Desmur “wears his non-genetically modified, free-range heart on his artisanally woven sleeve” and stands for “quality, sustainability, good practice and honesty” (as do all restaurants, hopfully). He also riffs on traditional recipes, but “underpinned by the fundamentals. He is cooking from a recipe book that just happens to be in his head”.

Jay ate a coarse pork terrine that was “a masterclass in the charcutier’s art”, French onion soup “ripe with soft, gently caramelised onions and a profound, nurtured stock”, an “assembly” style cassoulet with “mighty” homemade sausage  and “a winningly insistent broth” (“comforting”). The Merguez shepherd’s pie was a “bold, culinary mashup”. For dessert there was poached pear and “crème brûlée, because not to have one at a restaurant like this would be an arrestable offence”.

By now, La Frenchman will have moved to a delivery model of a few of Desmur’s dishes. “Please order his food if you live nearby. Indeed, support as many of your locals as you can.”


The Evening Standard

Jimi Famurewa from The Evening Standard reported on a selection of the London restaurant suppliers and wholesalers who are delivering direct to customers, including Natoora, Covent Garden wholesalers and London Dairies.

The London paper also published a tantalising article describing what “three of the capital’s top chefs cooked this week” at home, and a round-up of the online masterclasses and video tutorials being made available to watch by “some of London’s chefs, bartenders and wine experts”.


The Sunday Times

“If you’ve got fillet steak and Beaujolais you can make something delicious, but if you’ve got a can of meat and some corner shop merlot you’ve got your work cut out to make something that tastes good.”

Just before lockdown, Marina O’Loughlin for The Sunday Times went to a very timely lunch with Jack Monroe, “poverty campaigner, activist and food writer” (author of A Girl Called Jack and five other titles), who cooked her a “multicourse meal of cheap ingredients and tinned food”, including the “19 substitutions” her online supermarket shop had delivered. Lunch was, of course, “fully social distanced”, at either end of a long table.

From bisque made with salmon paste (“Ugh, I think, until I taste it: thrumming with ginger and coconut milk and preternaturally smooth”) to a stew fashioned from tinned steak (“decanted from its tin and slow-cooked for 12 hours with red wine… herbs and her favourite measurement, “a shitload” of garlic”), the meal is “excellent: not just good, excellent”. “What astonishes me is how luxurious her food is, how she makes “shitty ingredients” taste like fine ones.”

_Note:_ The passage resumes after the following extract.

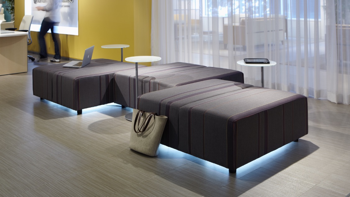 Connector tables attach to the Await Lounge System seating components with ganging plates.

“In this weirdest, most unsettling of times, when supermarkets have been denuded of everything from tinned tomatoes to marmalade to mince, what she’s doing isn’t just intriguing, it’s essential.”

From 14 April 2020, Monroe and Matt Tebbutt are hosting Daily Kitchen Live on the BBC, offering tips and guidance to families struggling with limited resources.


The Times

Giles Coren’s new column in The Times is co-written with his wife, Esther Walker. This week they engaged in a not-terribly-funny discussion on whether they should sit out the lockdown in their London home or their second home in Gloucestershire, maintaining his relevance to the miniscule percentage of the nation who are suffering the same dilemma, and just irritating the rest.


The Guardian

Grace Dent for The Guardian has been making banana bread with the wrong flour and worrying about her friends and family.

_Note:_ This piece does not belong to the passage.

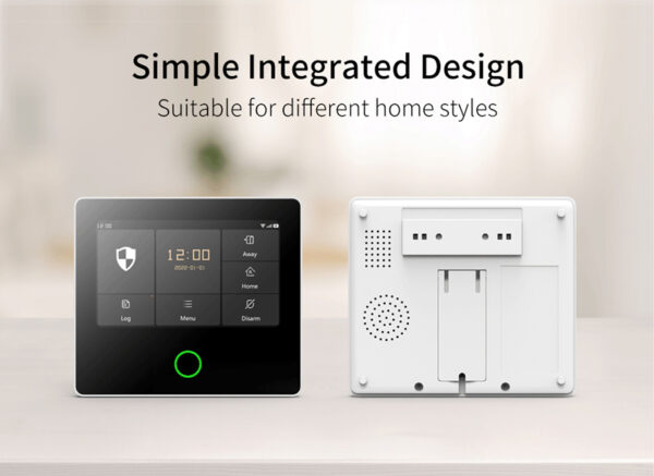 Διαθέτει βολική οθόνη αφής και back up επαναφορτιζόμενη μπαταρία χωρητικότητας 1500mAh. Υποστηρίζει σύνδεση Wi-Fi αλλά και δίκτυο 2G για τηλεφωνικές κλήσεις και αποστολή μηνυμάτων. Επιπλέον, μέσω της εφαρμογής Tuya Smart & Smart Life σας δίνεται η δυνατότητα να ελέγξετε το σύστημα συναγερμού, απομακρυσμένα από την smartphone συσκευή σας. Εξοπλίζεται με σειρήνα για ηχητικό συναγερμό απευθείας από το κεντρικό πάνελ, ενώ, χάρη στο ενσωματωμένο μικρόφωνο, επιτρέπει την αμφίδρομη μεταφορά φωνής και ήχου. Η τοποθέτηση του μπορεί να γίνει είτε επιτοίχια με βίδες είτε επιτραπέζια με ενσωματωμένο kickstand.

“Perhaps, like me, your Covid-19 crisis persona shifts through several gears each and every hour, from calm to terrified to brave to depressed to jolly, via gallows humour and so on. The only constant has been working out what to eat at a time when many ingredients we once took for granted are scarce.”

Readers might like to pass the time on lockdown with The Guardian’s quiz on national dishes.

And also…

The Financial Times reported on the “drastic Darwinian environment” faced by UK restaurant chains: “Carluccio’s was first main casualty of lockdown but others are on shaky ground”. Another article bemoaned the “lost belle époque of the restaurant” – “ahead of us is a dining desert that could last a generation”.

The Scotsman reported on chef Nico Simeone’s move to the home delivery of his Six by Nico tasting menu concept in Glasgow and Edinburgh. Home by Nico launches on 10 April.